• _Data block_
· · ·

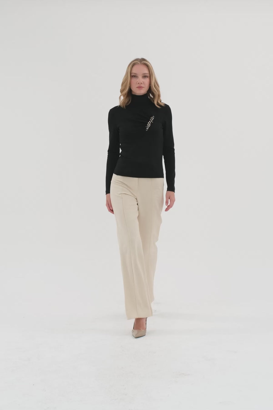Boğazlı Yakalı Önden Parçalı Uzun Kollu Bluz
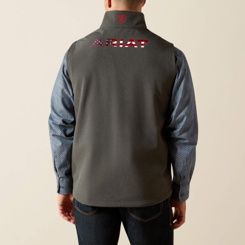 Unique Ariat Mens Logo Softshell Vest. An Ariat icon since 2003, Ariat softshells are a closet staple. They're warm, lightweight, and water resistant—and have plenty of stretch to keep you moving. With a sleek design and an Ariat logo on the back, this vest is versatile enough to wear just about anywhere.
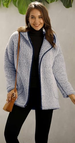 Les umes Cappotti con cappuccio in pile da donna con chiusura a zip, cappucci morbidi, cardigan, giacca invernale soffice, cappotto con tasca, A5-Blu Navy, S
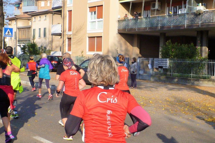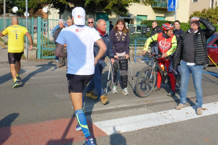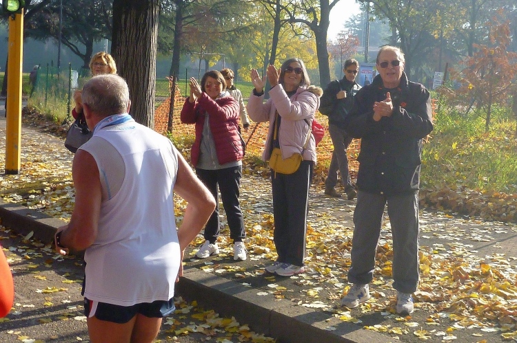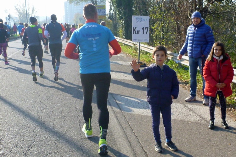 Das Städtchen Parona wirkt verschlafen und gar nicht touristisch. Beim Anblick des netten Hotels Brennero fühle ich mich in die 1950er Jahre versetzt. Parona ist fest in der Hand der Läufer. Wenige Meter entfernt werden wir auf der Parallelstraße zurücklaufen. Auf der Viale del Brennero geht es weiter nach Norden unter der Eisenbahn hindurch. Zuschauer gibt es einige, die es aber beim stummen Betrachten der Szenerie belassen. Immerhin sind viele Kinder zum Abklatschen an den Streckenrand gekommen. Eine Mutti zählt brav mit.

· · ·

Working from the material above, transcribe it exactly while omitting pictures.

Boğazlı Yakalı Önden Parçalı Uzun Kollu Bluz
 Unique Ariat Mens Logo Softshell Vest. An Ariat icon since 2003, Ariat softshells are a closet staple. They're warm, lightweight, and water resistant—and have plenty of stretch to keep you moving. With a sleek design and an Ariat logo on the back, this vest is versatile enough to wear just about anywhere.
 Les umes Cappotti con cappuccio in pile da donna con chiusura a zip, cappucci morbidi, cardigan, giacca invernale soffice, cappotto con tasca, A5-Blu Navy, S
 Das Städtchen Parona wirkt verschlafen und gar nicht touristisch. Beim Anblick des netten Hotels Brennero fühle ich mich in die 1950er Jahre versetzt. Parona ist fest in der Hand der Läufer. Wenige Meter entfernt werden wir auf der Parallelstraße zurücklaufen. Auf der Viale del Brennero geht es weiter nach Norden unter der Eisenbahn hindurch. Zuschauer gibt es einige, die es aber beim stummen Betrachten der Szenerie belassen. Immerhin sind viele Kinder zum Abklatschen an den Streckenrand gekommen. Eine Mutti zählt brav mit.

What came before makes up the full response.